There has been a rise in the use of Machine Learning as a Service (MLaaS)
Vision APIs as they offer multiple services including pre-built models and
algorithms, which otherwise take a huge amount of resources if built from
scratch. As these APIs get deployed for high-stakes applications, it's very
important that they are robust to different manipulations. Recent works have
only focused on typical adversarial attacks when evaluating the robustness of
vision APIs. We propose two new aspects of adversarial image generation methods
and evaluate them on the robustness of Google Cloud Vision API's optical
character recognition service and object detection APIs deployed in real-world
settings such as sightengine.com, picpurify.com, Google Cloud Vision API, and
Microsoft Azure's Computer Vision API. Specifically, we go beyond the
conventional small-noise adversarial attacks and introduce secret embedding and
transparent adversarial examples as a simpler way to evaluate robustness. These
methods are so straightforward that even non-specialists can craft such
attacks. As a result, they pose a serious threat where APIs are used for
high-stakes applications.

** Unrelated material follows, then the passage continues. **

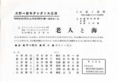 ※このページに戻ってくるには、各公演ページ一番下にある「関連ページ」より、「モダーンダンサー 大野一雄」をクリックしてください。以下、他の資料でも同様です。また、画像をクリックすると当該資料のページを閲覧できます。
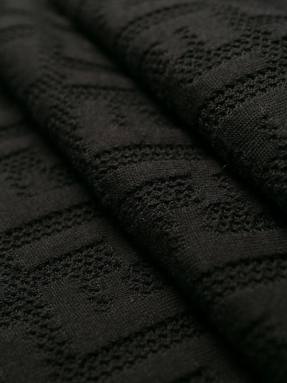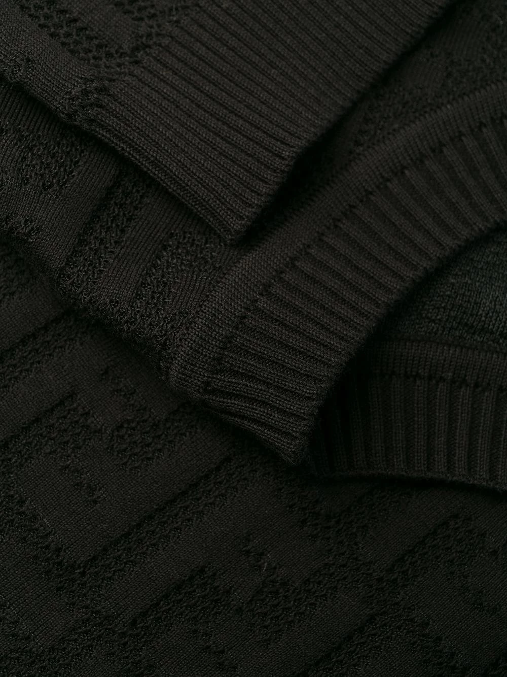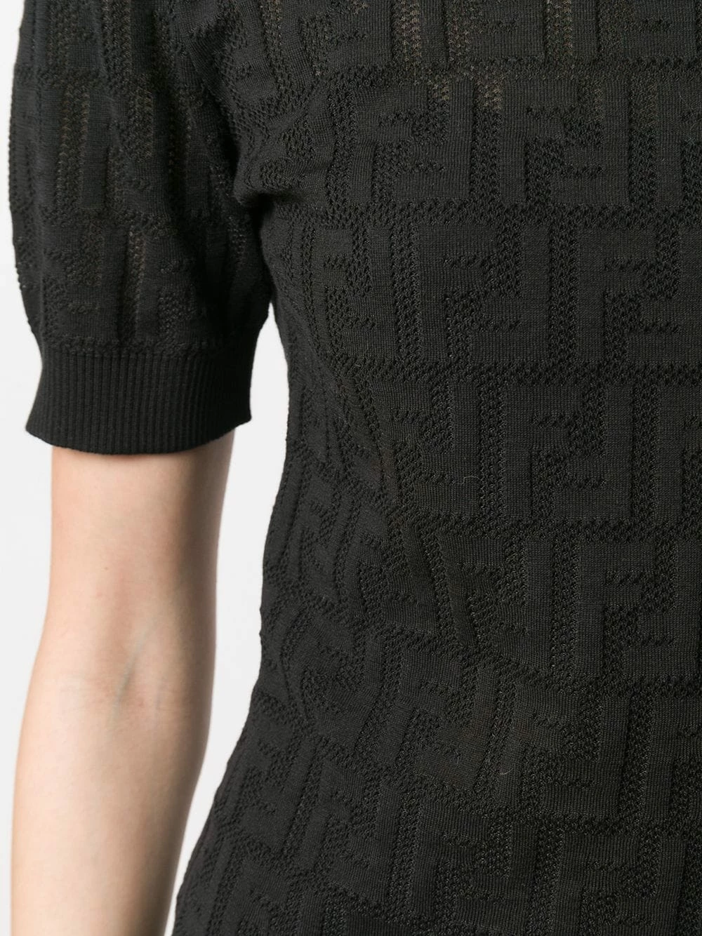 Fendi is all about sophisticated and trendsetting designs that showcase the brandβs contemporary and fashionable nature. By always offering immaculately crafted pieces with a modern twist, the brand has captured the hearts of the masses. This black cotton blend FF motif longette dress features a ribbed round neck, a fitted silhouette, a mid-calf length, a straight hem, short sleeves, and fitted cuffs.

Our transparent adversarial examples successfully
evade state-of-the art object detections APIs such as Azure Cloud Vision
(attack success rate 52%) and Google Cloud Vision (attack success rate 36%).
90% of the images have a secret embedded text that successfully fools the
vision of time-limited humans but is detected by Google Cloud Vision API's
optical character recognition. Complementing to current research, our results
provide simple but unconventional methods on robustness evaluation.